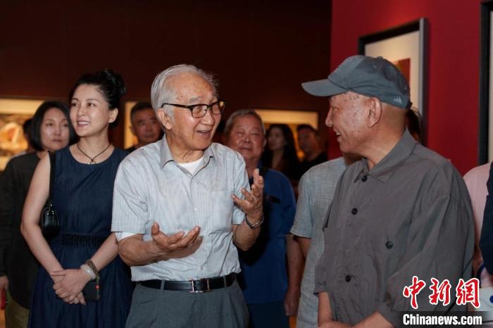 “藏色——巴瑪扎西畫展”亮相中國美術(shù)館,圖為中國美術(shù)家協(xié)會名譽(yù)主席、著名畫家靳尚誼(前排左一)與藏族畫家巴瑪扎西(右一)交流?!“椴匚幕﹫D
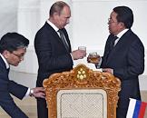 Рабочая поездка президента России Владимира Путина в Монголию. Президент России Владимир Путин (справа второй) и президент Монголии Цахиагийн Элбэгдорж (справа) во время двусторонней встречи в Государственном дворце.
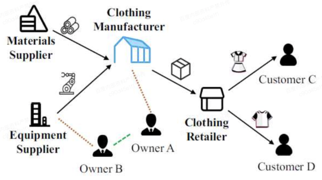 (如图:服装工厂的供应链 | 供应链网络是随时间变化的,所以可以表示成 T 个时刻的快照集合)
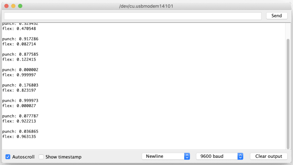 • The confidence of each gesture will be printed to the Serial Monitor (0 = low confidence, 1 = high confidence)
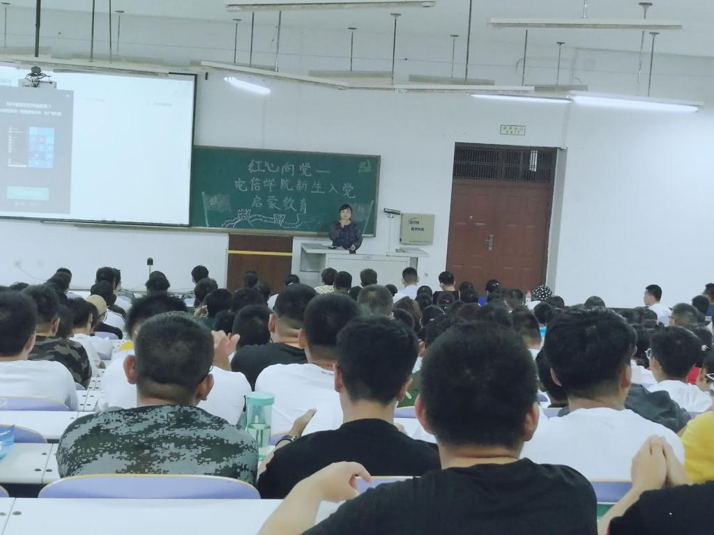 学生党支部于2019年8月31日组织新生分别在葫芦岛校区龙湾校园尔雅楼201、221教室开展入党启蒙教育主题讲座,讲座由学生党支部书记叶静老师主讲。

##############################

The task requires the full listing to be given again verbatim, without its pictures.

 “藏色——巴瑪扎西畫展”亮相中國美術(shù)館,圖為中國美術(shù)家協(xié)會名譽(yù)主席、著名畫家靳尚誼(前排左一)與藏族畫家巴瑪扎西(右一)交流?!“椴匚幕﹫D
 Рабочая поездка президента России Владимира Путина в Монголию. Президент России Владимир Путин (справа второй) и президент Монголии Цахиагийн Элбэгдорж (справа) во время двусторонней встречи в Государственном дворце.
 (如图:服装工厂的供应链 | 供应链网络是随时间变化的,所以可以表示成 T 个时刻的快照集合)
 • The confidence of each gesture will be printed to the Serial Monitor (0 = low confidence, 1 = high confidence)
 学生党支部于2019年8月31日组织新生分别在葫芦岛校区龙湾校园尔雅楼201、221教室开展入党启蒙教育主题讲座,讲座由学生党支部书记叶静老师主讲。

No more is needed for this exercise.